One theory that I haven't written out in great detail, about the page which I call the alphabet page, folio 57. There's a circle of letters. What I'm quite interested in, is that some of the most frequent symbols in the VM are not within that circle! One possibility which has not been thought about elsewhere, is that what has been written down might simply be the consonants only. That's exactly what you would do with an abjad in Arabic language for example. You don't write the vowels down when you write the alphabet. There is the glyph which I have interpreted as "a", but this is a glottal stop, considered a consonant in Arabic. This is one possibility, which again makes me think that this was a script in some development.
[David who wasn't paying attention] So you think it' was an invented language?
[Stephen] No! An invented script!
[David] Sorry, I thought of that as I said it!
[Stephen] It's a very important difference because I obviously think it is an invented script, there can be no doubt about that. But then, all scripts are invented. If you think of Glagolithic script or Rongorongo, somebody sat down and developed this script, as for example with Armeian. A monk developed the script for the Armenians. The language had been existing for hundreds of years, but he invented a script to encode that language. That is how I see the VM script coming into existence. I would still hope to find that the language underneath the invented script is something we can identify.
[Koen] Would you agree that the person or persons who invented this script were familiar with other scripts?
[Stephen] Yes, absolutely. That's the case with Armenian. The monk who invented the script borrowed from other scripts, but he then made it work for the Armenian language features.
[Koen] So the reason to develop the new script was linguistic, because they thought this language is different, so we need to add new symbols or change them?
[Stephen] Yes, it can be linguistic, but it can also have to do with pride, or the idea that you want your own - we are a proud nation of Armenians, we would like our own script for ourselves, then it's taken up by a few monks and scholars and the people more broadly say, for their national identity: "this is going to be our script". and they teach it in schools and so on.
For me, the way to understand the VM is that is was developed for a particular group of people, for, as you say, particular language needs. But it could also be reasons of pride or secrecy. They may have been a persecuted group for some reason, and they decided to encode their own language in a way that was just for them. There are a lot of possible motivations. But as I see it in historical terms, the next stage didn't happen. The people who were using it died out or it was simply never taken on. Or, another thing, it could be that the script was so faulty that they decided to revert to Latin script.
[Koen] Or that their documents stayed under the radar and are now gone, and that the VM is the only survivor that we have.

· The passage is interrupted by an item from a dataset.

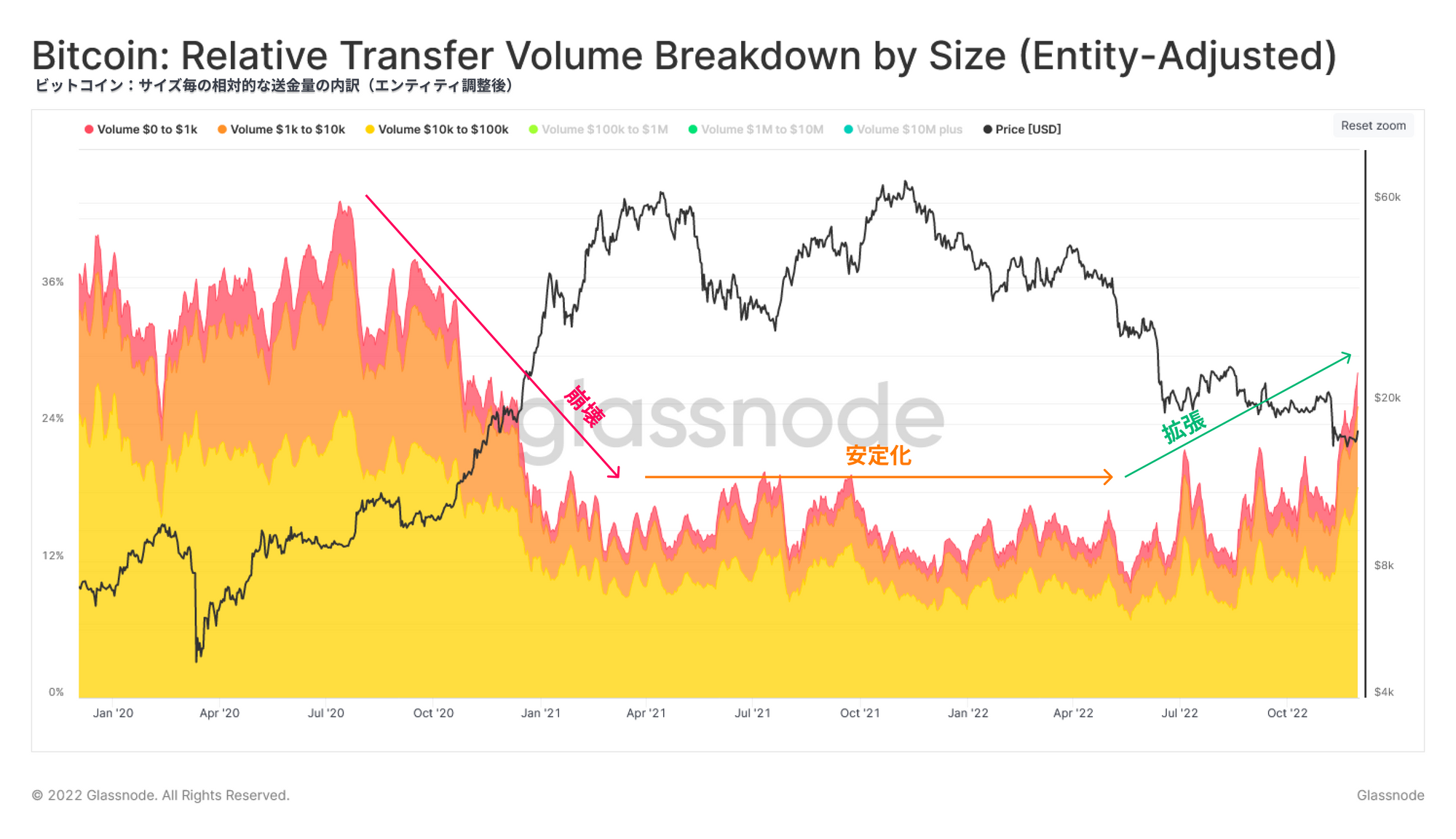 取引件数は回復しているものの送金量が減少しているということは、小口送金が増加し、大規模のエンティティの占有率が低下していることを反映していると思われる。相対的な送金量の内訳を見ると、小口取引(10万ドル以下)の割合が約35%に増加していることが確認できる。これは2020-22年のサイクル全体を通じて比較的安定していた10%から12%というレベルを脱却したことになる。

[Stephen] It could be that, and it would be great if one day we find another sample of Voynich script.
[Koen] With a manual attached to it.
[Stephen] We're dreaming!
[David] A rosetta stone! But, when we look at the actual glyphs. They are very positionally aware, and you picked up on EVA [k], which you've also given the sound value of /k/, and sometimes it appears in front of the word [oror] and sometimes it doesn't. How would that fit into your reading of the word "juniper" as a noun. What's that glyph doing - is it modifying the noun in some way?
[Stephen] We don't know, We're still grappling with the gallows characters, trying to understand what exactly is going on, because they very often appear as the first character in a page, but they very often appear down the page within another word as well. The first line tends to have a proliferation of them, as if they add some kind of decorative element to that line. If that's true, then that implies that they are sometimes written as gallows, but further down they are written as a different character.

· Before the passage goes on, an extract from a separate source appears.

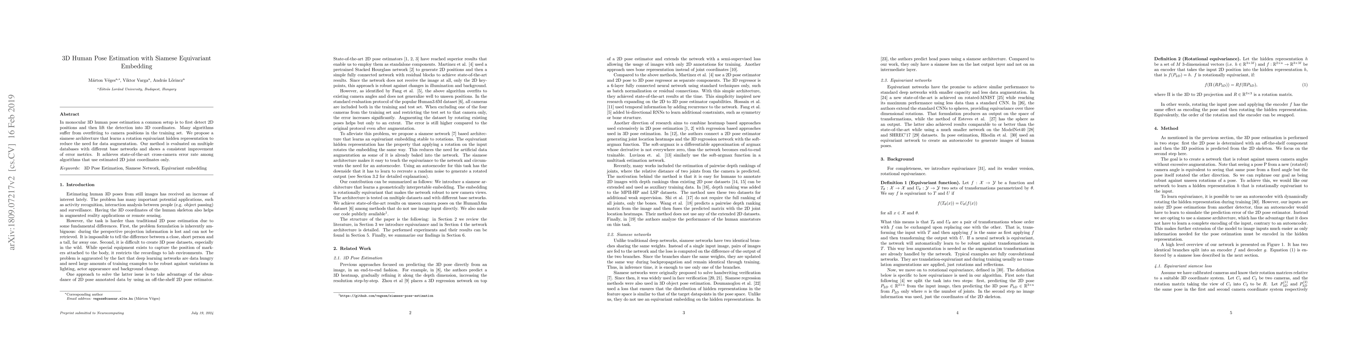 In monocular 3D human pose estimation a common setup is to first detect 2D positions and then lift the detection into 3D coordinates. Many algorithms suffer from overfitting to camera positions in the training set. We propose a siamese architecture that learns a rotation equivariant hidden representation to reduce the need for data augmentation. Our method is evaluated on multiple databases with different base networks and shows a consistent improvement of error metrics. It achieves state-of-the-art cross-camera error rate among algorithms that use estimated 2D joint coordinates only.

To be honest, we still don't know what these characters are doing. But the identification of [oror] as the word perhaps meaning /arar/ for "juniper" is more than that. It's looking at the distribution of the word throughout the MS, particularly on the folio where I've identified the possible juniper plant. The final /r/ seems to be differentiated when it appears at the end of a line. That causes some confusion since it seems that there are lots of r's in the script, but we'll come to that in a minute.
Occasionally there's a glyph in front of [oror], which could be... I mean, the starting glyph in some of the pages could just be a character indicating the beginning of the page, or a discourse marker or writing marker. But we can't be sure about that, the jury is out on that one.
[Koen] You said that the sound represented by gallows could be represented by a different glyph later on. Would that make them similar to the way we use capitals at the beginning of a sentence?
[Stephen] It could be, although it doesn't seem like a very consistent thing. If you look at the way they are used. Also, on the alphabet page, they seem to be there in the list of letters, consistently as a single letter. So I can't really throw much light on that. In the Roman alphabet, the k-symbol is quite tall, so it wouldn't be entirely surprising if this also represented a /k/. But again, that's speculation.
..............................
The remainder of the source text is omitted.